Monday, February 9, 2009

Passing of Time

It's hard to write here. It's hard to think clearly, even. In spite of the pervasiveness of the figures of my present--husband, children, dogs--when I am up late at night by myself in this house, the only one awake in the household, the years run together, are fluid, and I might as well be eighteen, twenty, twelve.

A little while ago I took the dogs outside. It is much warmer than it has been, but it was still cold--the best kind of cold, in which an inhaled breath feels clean and your hands don't freeze without gloves. I walked across the patio, down the stone steps and onto the driveway, covered with sand over ice.  I found myself thinking about how when you grow up walking on ice, you know how to walk on ice, don't fall. And then, as the dogs romped in the snow, I looked up.

The sky was black and lit up with stars, framed by the trees, the same trees that have framed the same stars for as long as my parents have lived in this house. That patch of sky, the same patch gazed up at all those summer afternoons I lay on the lawn, the same patch taken in on so many other winter nights.

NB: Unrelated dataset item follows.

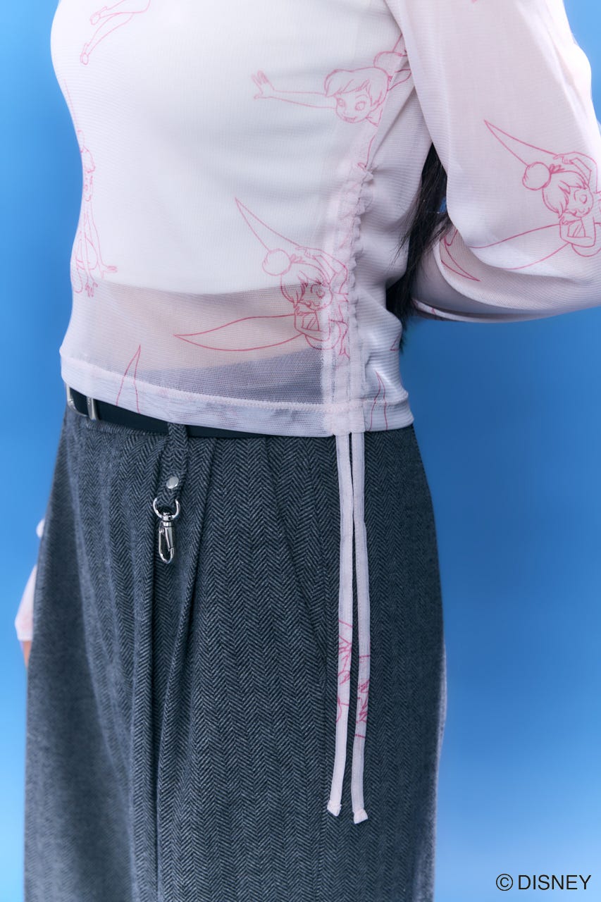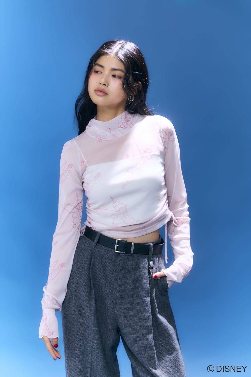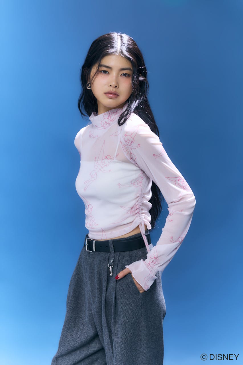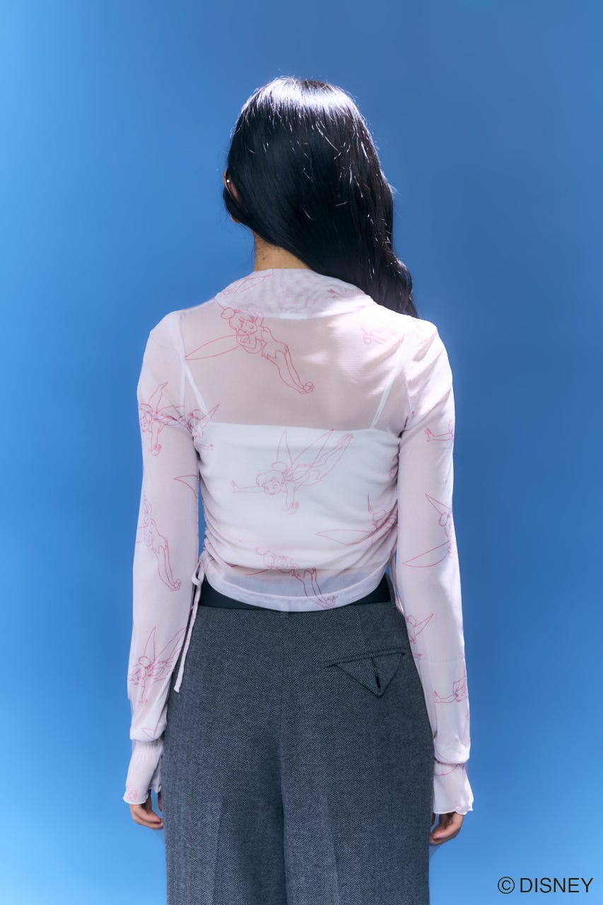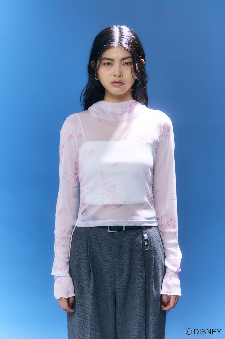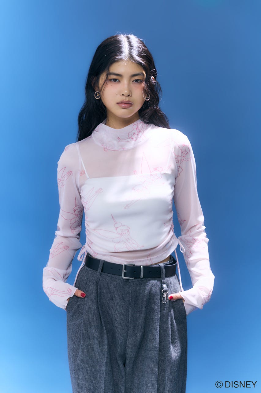 キャンディースリーブのシアートップスに様々な表情やポーズのティンカーベルを散りばめたオリジナルの総柄を作成しキャラクターの魅力を引き出しています。

And I just stood there, letting the dogs prance in the cold, clean air, looking up, looking at the stars, thinking about my grandmother, who is now just 93, and about this house, and how it never changes, and about how I do and don't, and about the way it feels to be the right kind of cold alone, outdoors, on a clear winter night.

2 comments:

Anonymous said...

It sounds as though you are missing the sight of the trees and sky and clear air.

J and D said...

I often think the same thing about trees in my parents yard or when I driving at night down the main streets. The sky and the trees truly do evoke? a feeling of safety and feeling young and familiar. You were able to word how I often feel.